**What you need to do**
With pictures left out, output exactly the lines of the listing below from the line that has "DOKRVLOQ Tvättkorg vikbar" to the line that has "This bingo card", both lines kept.

**Data records**

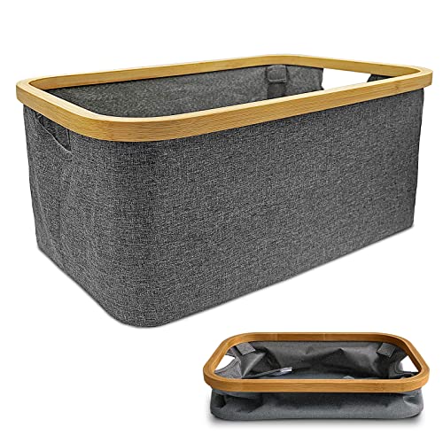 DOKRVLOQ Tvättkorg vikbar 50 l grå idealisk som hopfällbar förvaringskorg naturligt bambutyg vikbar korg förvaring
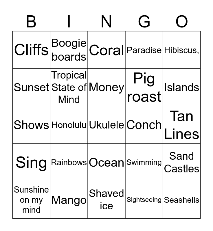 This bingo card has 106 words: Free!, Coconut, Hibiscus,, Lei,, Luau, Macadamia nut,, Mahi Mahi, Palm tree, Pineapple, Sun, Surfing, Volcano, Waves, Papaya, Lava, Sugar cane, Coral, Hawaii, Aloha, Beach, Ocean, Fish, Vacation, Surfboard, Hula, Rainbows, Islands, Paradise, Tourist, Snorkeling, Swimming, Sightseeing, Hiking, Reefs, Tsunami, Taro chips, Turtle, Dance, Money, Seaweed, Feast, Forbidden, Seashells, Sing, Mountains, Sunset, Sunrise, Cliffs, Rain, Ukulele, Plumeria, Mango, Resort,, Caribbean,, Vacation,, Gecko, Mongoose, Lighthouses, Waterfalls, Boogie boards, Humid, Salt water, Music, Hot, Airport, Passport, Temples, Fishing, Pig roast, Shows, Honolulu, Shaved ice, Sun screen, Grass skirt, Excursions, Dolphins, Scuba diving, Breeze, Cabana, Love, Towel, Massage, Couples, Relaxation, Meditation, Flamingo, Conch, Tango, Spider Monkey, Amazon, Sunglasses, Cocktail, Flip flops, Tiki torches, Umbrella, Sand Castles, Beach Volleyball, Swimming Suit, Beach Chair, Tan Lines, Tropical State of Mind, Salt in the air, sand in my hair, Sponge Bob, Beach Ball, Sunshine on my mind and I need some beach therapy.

...

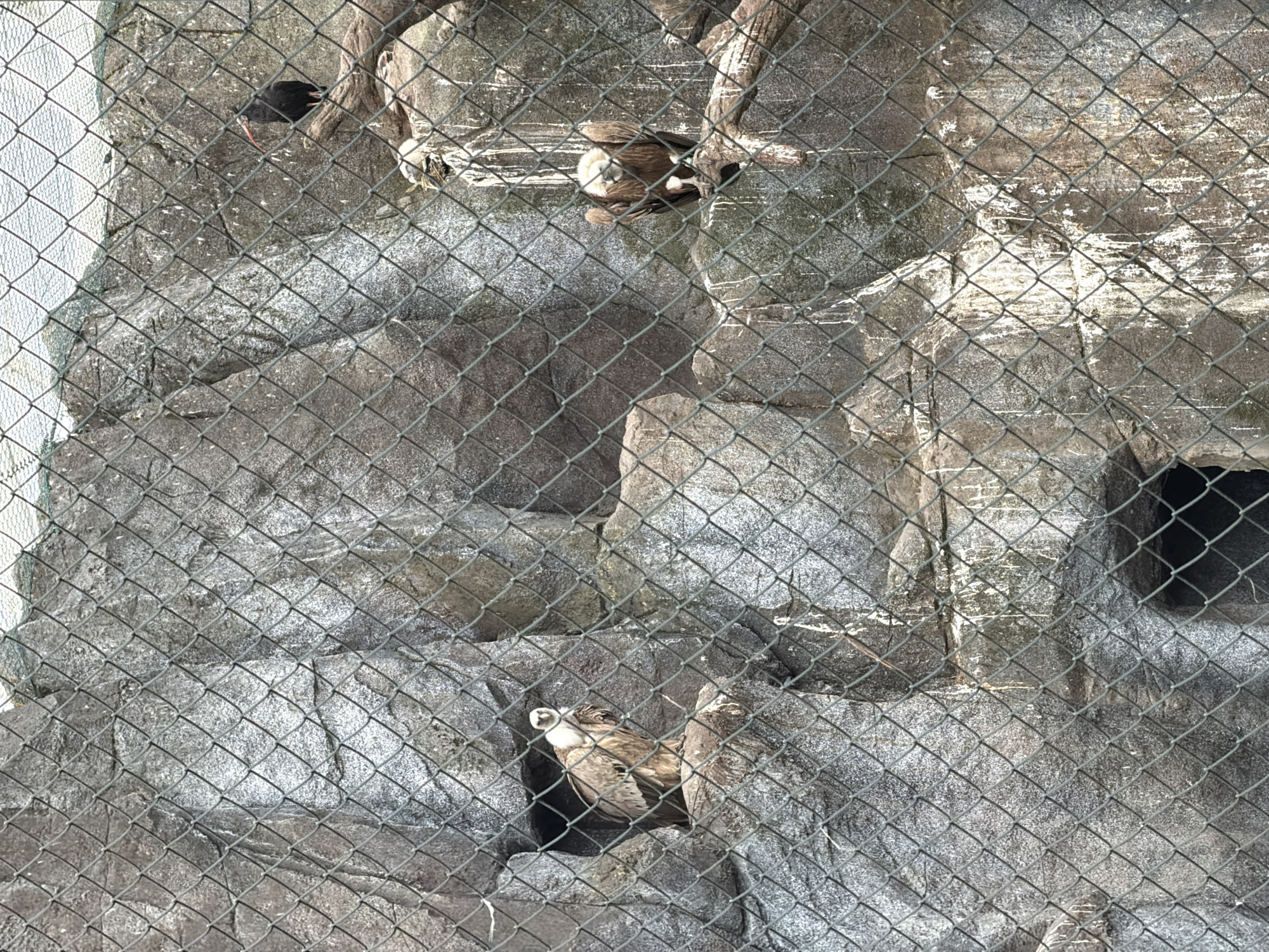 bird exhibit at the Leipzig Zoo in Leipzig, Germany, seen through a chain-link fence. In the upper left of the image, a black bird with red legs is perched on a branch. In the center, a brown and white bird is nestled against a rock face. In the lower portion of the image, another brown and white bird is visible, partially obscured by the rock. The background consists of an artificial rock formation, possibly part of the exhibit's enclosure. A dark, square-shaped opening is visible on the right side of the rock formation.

...

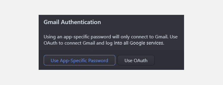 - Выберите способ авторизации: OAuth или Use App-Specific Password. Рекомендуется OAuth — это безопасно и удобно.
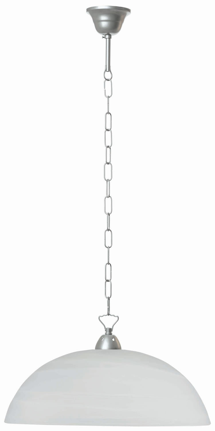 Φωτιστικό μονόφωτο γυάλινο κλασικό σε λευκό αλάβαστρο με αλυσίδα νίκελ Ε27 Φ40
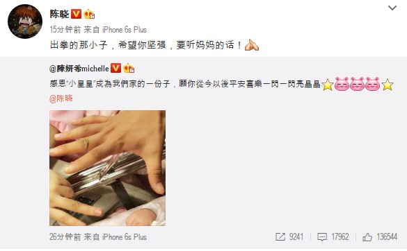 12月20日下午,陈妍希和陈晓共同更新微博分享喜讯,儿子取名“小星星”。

**Your solution**
 DOKRVLOQ Tvättkorg vikbar 50 l grå idealisk som hopfällbar förvaringskorg naturligt bambutyg vikbar korg förvaring
 This bingo card has 106 words: Free!, Coconut, Hibiscus,, Lei,, Luau, Macadamia nut,, Mahi Mahi, Palm tree, Pineapple, Sun, Surfing, Volcano, Waves, Papaya, Lava, Sugar cane, Coral, Hawaii, Aloha, Beach, Ocean, Fish, Vacation, Surfboard, Hula, Rainbows, Islands, Paradise, Tourist, Snorkeling, Swimming, Sightseeing, Hiking, Reefs, Tsunami, Taro chips, Turtle, Dance, Money, Seaweed, Feast, Forbidden, Seashells, Sing, Mountains, Sunset, Sunrise, Cliffs, Rain, Ukulele, Plumeria, Mango, Resort,, Caribbean,, Vacation,, Gecko, Mongoose, Lighthouses, Waterfalls, Boogie boards, Humid, Salt water, Music, Hot, Airport, Passport, Temples, Fishing, Pig roast, Shows, Honolulu, Shaved ice, Sun screen, Grass skirt, Excursions, Dolphins, Scuba diving, Breeze, Cabana, Love, Towel, Massage, Couples, Relaxation, Meditation, Flamingo, Conch, Tango, Spider Monkey, Amazon, Sunglasses, Cocktail, Flip flops, Tiki torches, Umbrella, Sand Castles, Beach Volleyball, Swimming Suit, Beach Chair, Tan Lines, Tropical State of Mind, Salt in the air, sand in my hair, Sponge Bob, Beach Ball, Sunshine on my mind and I need some beach therapy.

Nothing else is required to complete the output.